Matt: What do you do or say when either investors or other people ask you about the things that are looked at as growth inside of the US right now? The AI stuff, the tech stuff, where they insist there’s growth. Do you just shrug your shoulders? What do you say to them when they ask, well, look, here’s growth?
Kuppy: It’s growing, but there are no earnings. I mean, at some point you look at AI — they’ve dumped almost a trillion dollars into this, and the data centers make no money. They never will. It’s impossible. There’s not a trillion dollars of revenue that could support this stuff. And it goes obsolete in like two years.
The tech companies — yeah, they have tons of revenue growth, but none of these things are profitable. I mean, it’s all earnings ex-SBC. Well, that’s great when your stock is going up — everyone wants stock options, it’s awesome, right? But if your stock has two down years, people wanna get paid in cash. You can’t take your stock options and buy groceries. At some point you go to your workers and they’re like, I need money. And then there are no earnings.
And I’d say a lot of this is because they’ve been able to use SBC for so long, and Wall Street’s been so focused on revenue growth as opposed to earnings growth — which is the thing I care about — these guys have produced profitless prosperity where they produce tons of revenue, and a lot of it is related-party. I mean, they’ll tell you it’s not related-party, but it kind of is, because they all go to the same, you know, country club in Silicon Valley and they all know the same people and they all do these deals with each other. I’ll buy your software if you buy my software.

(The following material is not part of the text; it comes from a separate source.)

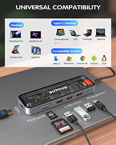- The Sutoug 7 in 1 USB C Hub boasts a sleek and sophisticated design, ensuring seamless integration into any workspace while guaranteeing durability and high-performance.

And then AI kind of changed that, because you don’t need any of these products — you can just vibe code it in-house. And I don’t know, I don’t think there’s gonna be a lot of revenue after AI. I think AI puts us in a really funny place where you don’t get revenue growth, you get revenue contraction, because you just need less stuff. You can do more stuff for free internally, and that cuts your costs — which is gonna be great if you’re like Verizon and you’re gonna have less people in the call center, or you’re like Citibank and you get rid of a bunch of people doing fraud monitoring, because I think the AI is probably better at fraud monitoring than the guy doing fraud monitoring. But those people then won’t have revenue to spend somewhere else in the economy. And there’ll be a multiplier effect to this. When you get rid of a couple people, you have a recession. AI is gonna get rid of how many millions of people that work in office buildings over the next five years? I mean, it sounds like a depression. And yes, I know — every time there’s some new technology, there’s a new business created. But the Industrial Revolution was like a 200-year process. The internet was like a 15-year process, and the internet’s still evolving. AI is gonna be like a five-year process, and you’re getting rid of the most expensive people.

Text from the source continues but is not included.